Steely Reflection

A pair of stern eyes followed a dollop of toothpaste as it dripped from the corner of his reflection’s mouth. It splashed in the sink with a dull wet smack. The reflection’s mouth opened as if to say something. Its hand grasped the toothbrush a little firmer. Their eyes fell as they closed their mouths again.

Metal clashing on metal broke the silence. A bulbous man with bright red skin tore a car in half with his bare hands beyond a patchwork metal fence. His gut peeked out from under a ratty undershirt. Stains ran down the front of his bathrobe. He smashed the car and yanked the engine out. He separated plastic from steel, and other things he could part out.

“Hey! Keep it down, Garth!,” the man yelled from his bathroom window.

“Come down here and make me, Barney!” the man yelled from his side of the fence.

Barney, in the bathroom, slammed his window against the sill. Garth, in the scrapyard, spiked his engine on the ground.

Cursing for no particular reason, Barney got dressed. He removed his bathrobe and replaced it with a jumpsuit. He gave thought to brush his hair but, eyeing the balding spot, just flipped his reflection off and headed downstairs. He banged his head against the lip of the ceiling just above the stairs. He cursed at it. There was a well-worn section of wood where his head hit.

The smell of bacon filled the air at the base of the stairs. He turned and entered the kitchen. A young woman smiled and greeted him. She set out plates, utensils, and served runny eggs with bacon. She poured a cup of coffee.

“Morning, Tonia,” Barney said walking in.

“Morning, daddy, what’s your plan for today?”

“I’m gonna try and watch TV, quietly.”

“And?” she asked sitting down.

“And stay out of trouble.” She smiled and passed him a pile of mail.
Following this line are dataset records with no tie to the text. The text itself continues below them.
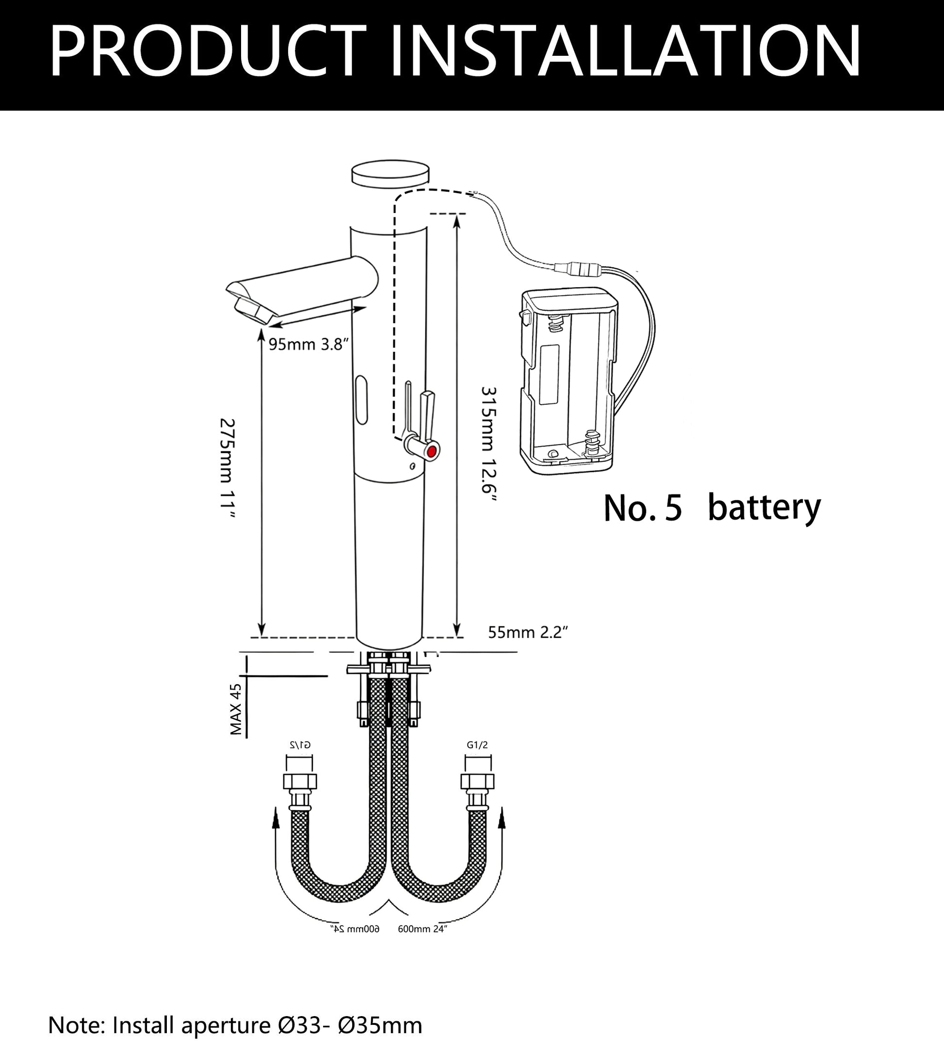 - Höhe des schwarzen Ausgusses: 275 MM
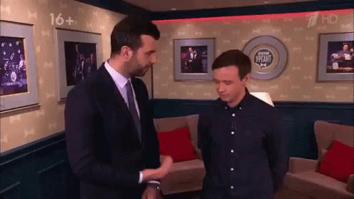Ivan Urgant and Dolphin shake hands on the set of Evening Urgant, agreeing with a 'yes' and 'excellent'.
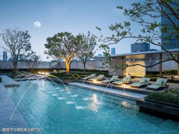 实景园林也迥异于大众。泳池综合体“绿钻之心”就像它的名字一样,池底通铺了大面青翠的马赛克瓷砖,搭配层次分明的景观和中灰色石材,造景既有巴黎的浪漫,又有杭州的温雅。
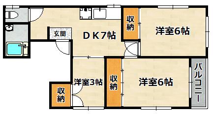 | 間取り詳細 | 洋室 6畳 、 洋室 6畳 、 洋室 3畳 、 DK 7畳 |
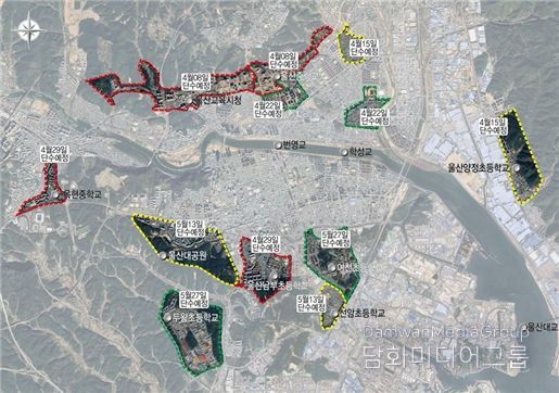 이 기간 동안 ▲중구 유곡동, 우정동, 교동, 복산동, 성안동, 태화동, 남외동, 서동, 북정동, 반구동, 약사동 일부 지역 ▲남구 옥동, 신정2동, 신정4동, 선암동, 야음동, 무거동, 두왕동 일부 지역 ▲북구 양정동 일부 지역에서 순차적으로 단수가 진행된다.
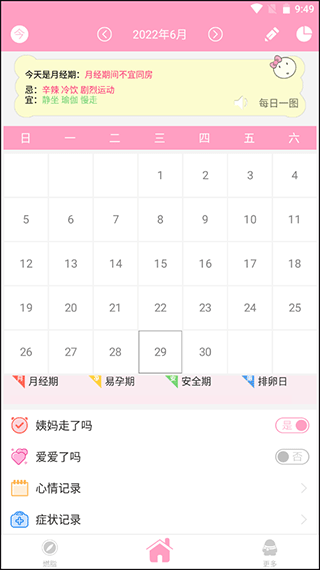 (1)按照綠框提示選中日期29號,然后根據紅框提示打開姨媽走了嗎開關,設置完成后如下圖所示;
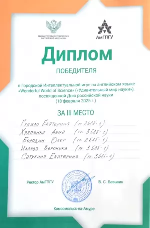 Екатерина Гукало: «В АмГПГУ прошло мероприятие “Wonderful World of Science”, где мне довелось принять участие. Викторина была интересной и увлекательной. А главной её особенностью был тот язык, на котором она проводилась, – английский! Это никак не усложнило процесс, ведь организаторы постарались всё доходчиво объяснить. Думаю, что человек с любым уровнем языка мог бы справиться, если имеются знания в сфере науки и техники, на чём и был главный акцент квиза».
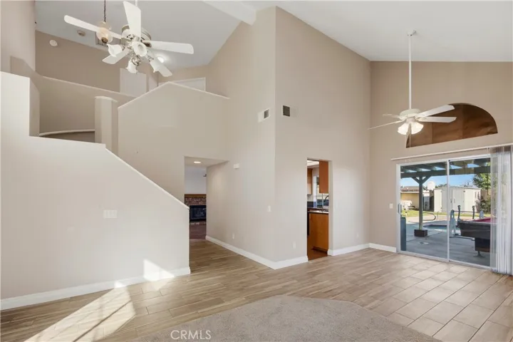 Strategically designed 1 bedroom & 1 full bathroom with double doors on the first floor, perfect for guests or a home office. The ample sized primary suite provides views of the lush backyard- Private Pool & Mountain view! The open floor plan boasts vaulted ceilings throughout the living and dining area. The spacious family room, complete with fireplace, flows seamlessly into a generously sized area, ideal for family gatherings. Walk through the sliding glass door from the family room, you are greeted by a very large sized covered patio structure with ceiling fan, a sparkling pool, BBQ area with sink to entertain large crowd on the weekends and to enjoy pool party on summer days with outdoor misting system to cool the entire patio area.
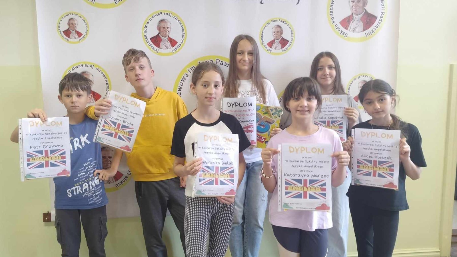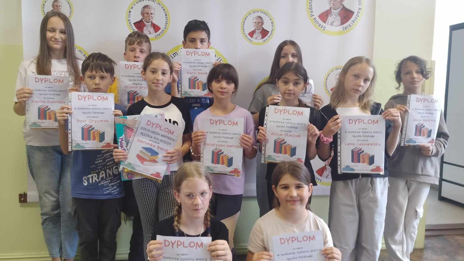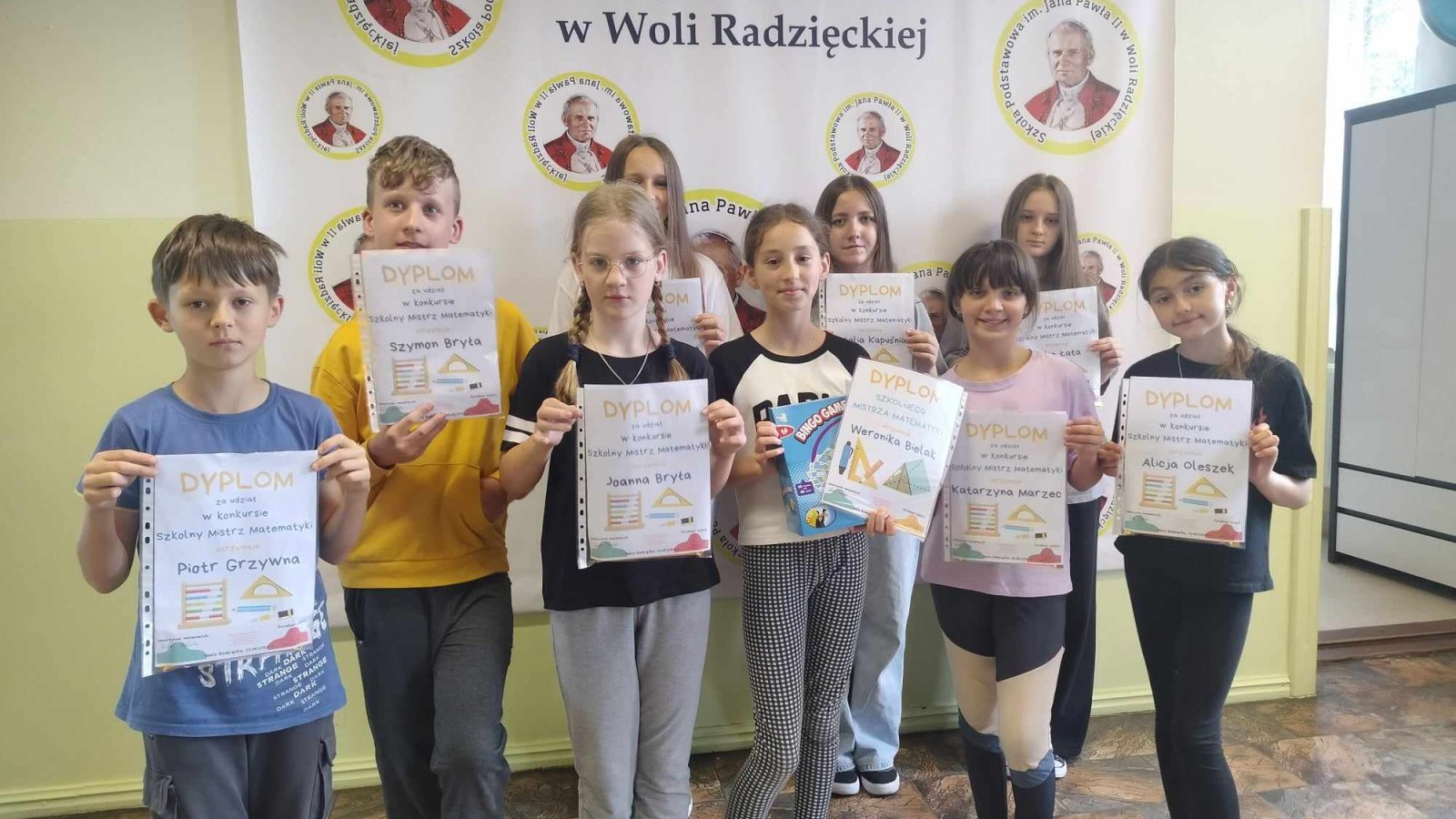 Już po raz drugi chętni uczniowie klas starszych mogli przystąpić do trwającej przez cały rok szkolny rywalizacji o tytuł Mistrza Języka Polskiego, Mistrza Matematyki oraz Mistrza Języka Angielskiego. Uczestnicy co miesiąc dostawali zestaw zadań z danego przedmiotu, które należało rozwiązać, a następnie oddać do sprawdzenia. Przystąpienie do wyzwania wymagało więc nie tylko wykazania się wiedzą z poszczególnych dziedzin, ale również systematycznej pracy. W czwartek 13 czerwca nastąpiło rozstrzygnięcie konkursu. Po przeliczeniu punktów okazało się, że Mistrzem Matematyki oraz Mistrzem Języka Polskiego została Weronika Bielak z klasy czwartej. Z kolei tytuł Mistrza Języka Angielskiego przypadł Kamili Kamińskiej z klasy siódmej. Pan dyrektor wręczył uczestnikom dyplomy, a zwycięzcy otrzymali również nagrody rzeczowe. Gratulujemy i zachęcamy wszystkich do udziału w kolejnej edycji przedsięwzięcia.

She started to say something but he cut her off. “I’m an adult. I’m fine.”

“So you yellin’ at Uncle Garth cause you enjoy it?”

“Hey, don’t call him uncle,” he said rubbing his knuckles. Scars striped his hands. He threw down his fork. “That’s just how we communicate,” A clock shaped like a cat tocked with each wag of its tail. His eyes followed the lines of the table pattern. Blobs and squiggles weaved themselves together. She placed a hand on his and squeezed.

“Please, daddy, try to talk, calmly, to Garth.”

“I’ll think about it.“

“And yelling don’t count.”

They both laughed. Tonia laughed a little more than Barney. He picked up his fork.

Tonia asked, “Do you even remember why you two started fighting?”

He thought for a few tocks of the cat’s tail. “It was probably your mother. We always fought over her.”

They shared a glance before they both broke away. He started reading through his mail. She put up her plate and filled a travel mug with the last of her coffee. Stirring in some sugar she said, “I’ll be out late. I have my night class. Do you need anything while I’m out?”

He shook his head.

“Love you, dad.”

“Love you too, Sparkplug.”

She rolled her eyes at the nickname. Taking her keys and mug, she heaved her bag over a shoulder and left the house. She waved to Garth. He sat on the hood of what had been a semitrailer truck. His pink gut peeked out from under his shirt.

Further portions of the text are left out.